During the mid-1990s, British media asked the band a lot of questions about this. Do you think you sound like the Beatles? Why do you sound like the Beatles? Are you better than the Beatles? (Yes, these were questions from paid, full-time music journalists, not bloggers.) So you can't blame one member of the band or another for getting snarky at some point and saying, "Yes, we're better than the Beatles."

 


VIDEO: Cigarettes & Alcohol, a song not by the Beatles.

 

Oddly, nobody bemoans that Ed Sheeran sounds like—or, more correctly, tries to sound like—Marvin Gaye. Or that the average Ed Sheeran die-hard probably doesn't know who Marvin Gaye is. Maybe it's time to let the Oasis/Beatles thing go.

New Sound or Old News?

Speaking of styles and influences, and ultimately who our favorite artists sound like, we should look at the first Oasis album, 1994's Definitely Maybe, as much as the more well-known second album (What’s The Story) Morning Glory?

I remember buying Definitely Maybe one week after I bought Morning Glory, surprised then that the debut album sounded brash, and was crafted with a dose of Sex Pistols, T. Rex, and a hint of AC/DC guitar, without any chart-topping undertones.

Songs like "Cigarettes and Alcohol" and "Rock and Roll Star" stand out as great live tunes boiled down for studio production. At the same time, the third track, "Live Forever," makes for a natural anthem that sounds both bold and effortless. It sounds like a song you know, even if you’ve never heard it before. Either that’s some trickery by the band and songwriter, or it’s genius. Whether or not Oasis has more anthems in them to put onto a new album—we'll have to wait and see. 

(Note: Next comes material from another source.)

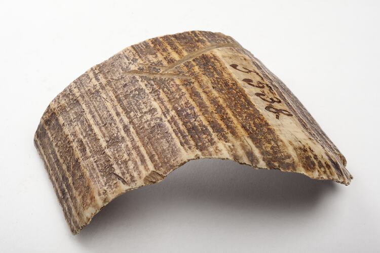 Curved piece of ivory with one sawn, straight end, two sawn, straight sides and one ragged end. Outer convex surface has cream and brown vertical striations running across the surface. A number has been written onto a shaved area near one side and several thick diagonal slashes are present in the surface. Inner concave surface is smooth and dark brown in colour.

But when they first hit the scene, one thing that was exciting about Oasis was their way of revolutionizing rock music by bringing back the best of old sounds along with some rock ’n’ roll attitude. Meanwhile, their 1990s musical contemporaries—the U.K.’s shoegazers, and the ever-shy Radioheads and Robert Smiths of the world—shunned media (sometimes) and the rock ’n’ roll  lifestyle (supposedly) like hermits or poets would.

A few decades on, one thing is clear, whether you’re a fan of Oasis or not. It’s that their music is best left simply listened to and enjoyed—if it's your thing. Overanalyzing the context or intentions of the band only makes you miss the fun.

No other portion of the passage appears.